> SUPPLIED INFORMATION
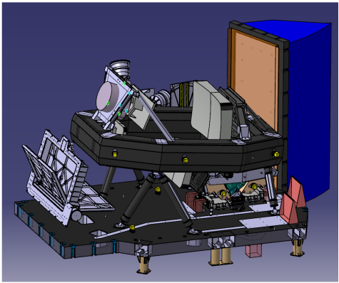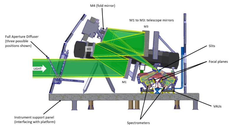 The system uses a Three Mirror Anastigmat telescope (TMA) with mirrors to direct incoming light to three identical spectrometers. Each spectrometer processes one-third of the swath while covering the full spectral range. A neutral fold mirror distributes the light to each spectrometer, as seen in Figure 9, where spectral dispersion is achieved through dual-blazed gratings. The dispersed images are detected by Mercury Cadmium Telluride (MCT) detectors, each with 3000 x 512 pixels. These detectors require cooling to around -100℃. This is achieved using a thermal control system that includes a baffled cryogenic radiator, graphite thermal straps, and ethane heat pipes. All optical elements are mounted on a carbon fibre reinforced polymer (CFRP) bench structure, designed to maintain thermal and mechanical stability. The temperature of the optical components is stabilised at around 20℃. 7) 13)
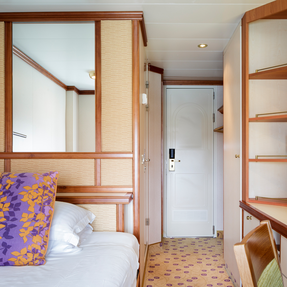 Innenkabinen sind auf allen Schiffen von P&O Cruises verfügbar und bieten Ihnen einen komfortablen Rückzugsort auf See. Durch ihre durchdachte Gestaltung nutzen sie den Raum optimal und schaffen eine angenehme, gemütliche Atmosphäre – ideal zum Entspannen nach einem erlebnisreichen Tag an Bord oder an Land. Innenkabinen verfügen über kein Fenster oder Bullauge, wodurch sie besonders ruhig sind – perfekt für erholsamen Schlaf.
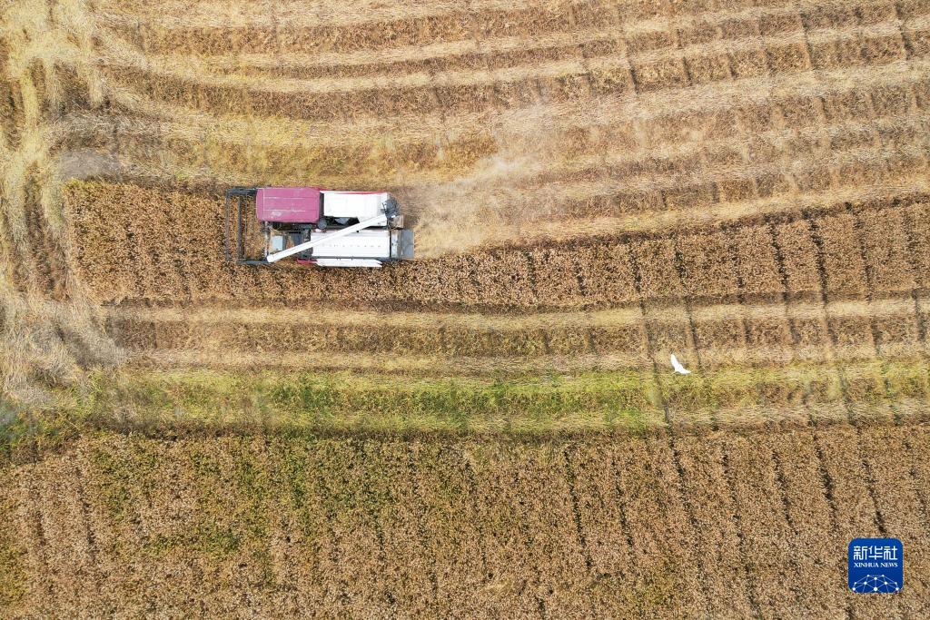 5月16日,杭州市萧山区盈丰街道的麦田里,农机手驾驶收割机收小麦(无人机照片)。近日,杭州萧山区盈丰街道的数千亩小麦迎来收获季。新华社发(龙巍摄)
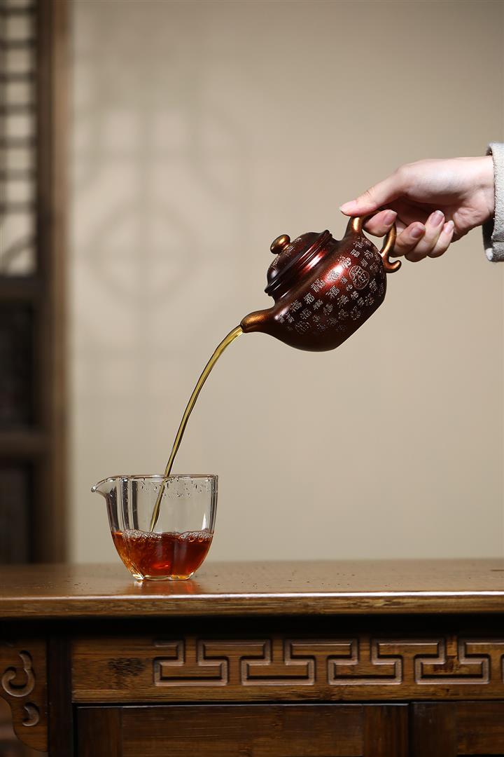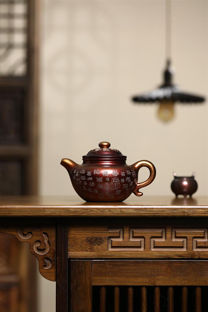 原礦赤龍血砂手工彩繪三足橋瓢茶具POT6688
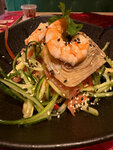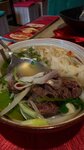 Такое ощущение, что владельцы и повар вообще не имеют представления об паназиатской кухне. Фо бо - ингредиенты правильные, исполнение никакое: вместо бульона вода, даже не куриный бульон из пустого, но жирного бройлера, про говяжий бульон даже речи нет, зелени очень мало. Том ям - слабый намек на знаменитый суп. Добавили грибы шиитаки, но убили весь их вкус просто громадным количеством шампиньонов. Ни галангала, ни лемонграса, ни имбиря в супе нет, креветки и те задавлены шампиньонами. Заявленная стеклянная лапша с морепродуктами по факту оказалась обычной рисовой, она была пустой, без соуса, а стружка тунца смотрелась эффектно, но вообще не сочеталась с итак безвкусным блюдом. Рис с говядиной - соус неплохой, говядина жесткая. Единственное, что было позитивным: девушка-официантка очень старалась
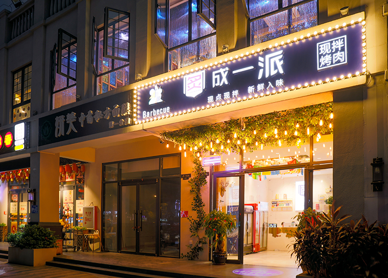 炙成一派是海口一家以現拌現烤為特色的炙子烤肉店。品深餐飲全案策劃設計認為空間裝飾裝修設計是品牌形象整體落地的核心環節。
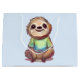 Gift bag with an adorable illustration featuring a happy looking sloth wearing a green t-shirt. Sitting cross-legged looking relaxed.
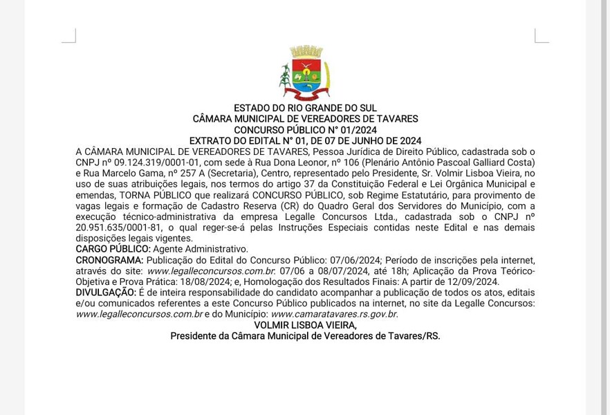 A CÂMARA MUNICIPAL DE VEREADORES DE TAVARES, Pessoa Jurídica de Direito Público, cadastrada sob o CNPJ nº 09.124.319/0001-01, com sede à Rua Dona Leonor, nº 106 (Plenário Antônio Pascoal Galliard Costa) e Rua Marcelo Gama, nº 257 A (Secretaria), Centro, representado pelo Presidente, Sr. Volmir Lisboa Vieira, no uso de suas atribuições legais, nos termos do artigo 37 da Constituição Federal e Lei Orgânica Municipal e emendas, TORNA PÚBLICO que realizará CONCURSO PÚBLICO, sob Regime Estatutário, para provimento de vagas legais e formação de Cadastro Reserva (CR) do Quadro Geral dos Servidores do Município, com a execução técnico-administrativa da empresa Legalle Concursos Ltda., cadastrada sob o CNPJ nº 20.951.635/0001-81, o qual reger-se-á pelas Instruções Especiais contidas neste Edital e nas demais disposições legais vigentes.
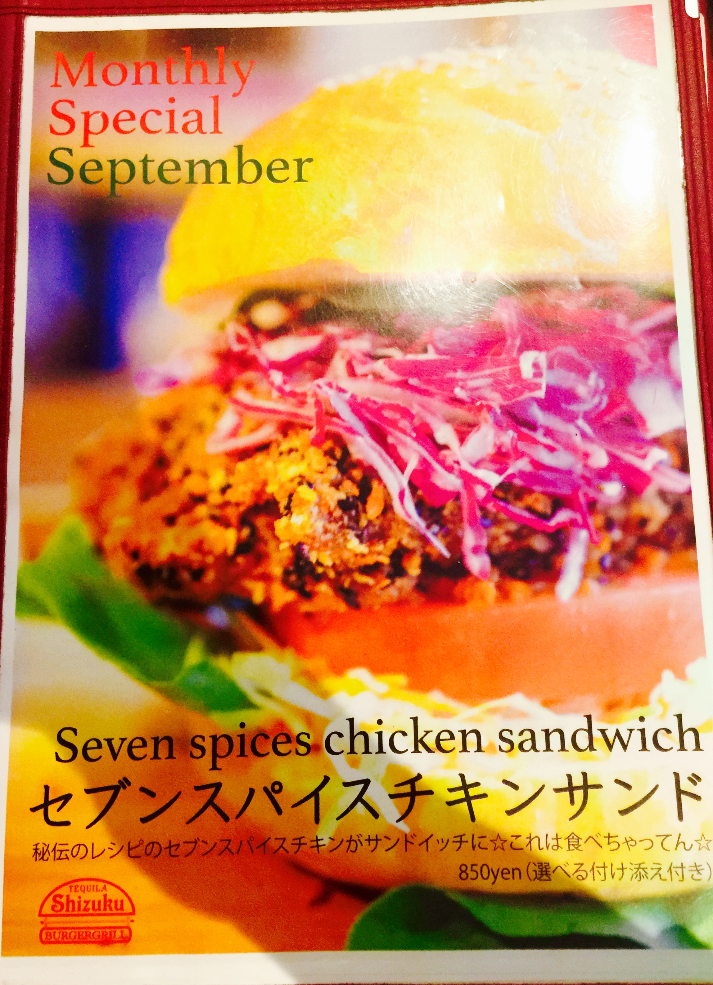 Shizuku バーガー グリル店 2016/09/16 ハンバーガー、大名、福岡、テキーラ、鶏料理 今月のスペシャルバーガー!! 今月のスペシャルバーガー!! 「セブンスパイスチキンバーガー」 Shizuku burgergrillで定番のおつまみ「セブンスパイスチキン」をハンバーガーに! 秘伝のセブンスパイスをまぶして揚げた鶏もも肉のハンバーガーです。 ジューシーで食べ応えあり♪(´ε` ) « 前の記事 次の記事 »

> WORK REQUEST
Print only the lines from the opening line of the listing to the line containing "原礦赤龍血砂手工彩繪三足橋瓢茶具POT6688", inclusive, exactly as they appear and without pictures.

> SOLUTION FOR THIS TASK
 The system uses a Three Mirror Anastigmat telescope (TMA) with mirrors to direct incoming light to three identical spectrometers. Each spectrometer processes one-third of the swath while covering the full spectral range. A neutral fold mirror distributes the light to each spectrometer, as seen in Figure 9, where spectral dispersion is achieved through dual-blazed gratings. The dispersed images are detected by Mercury Cadmium Telluride (MCT) detectors, each with 3000 x 512 pixels. These detectors require cooling to around -100℃. This is achieved using a thermal control system that includes a baffled cryogenic radiator, graphite thermal straps, and ethane heat pipes. All optical elements are mounted on a carbon fibre reinforced polymer (CFRP) bench structure, designed to maintain thermal and mechanical stability. The temperature of the optical components is stabilised at around 20℃. 7) 13)
 Innenkabinen sind auf allen Schiffen von P&O Cruises verfügbar und bieten Ihnen einen komfortablen Rückzugsort auf See. Durch ihre durchdachte Gestaltung nutzen sie den Raum optimal und schaffen eine angenehme, gemütliche Atmosphäre – ideal zum Entspannen nach einem erlebnisreichen Tag an Bord oder an Land. Innenkabinen verfügen über kein Fenster oder Bullauge, wodurch sie besonders ruhig sind – perfekt für erholsamen Schlaf.
 5月16日,杭州市萧山区盈丰街道的麦田里,农机手驾驶收割机收小麦(无人机照片)。近日,杭州萧山区盈丰街道的数千亩小麦迎来收获季。新华社发(龙巍摄)
 原礦赤龍血砂手工彩繪三足橋瓢茶具POT6688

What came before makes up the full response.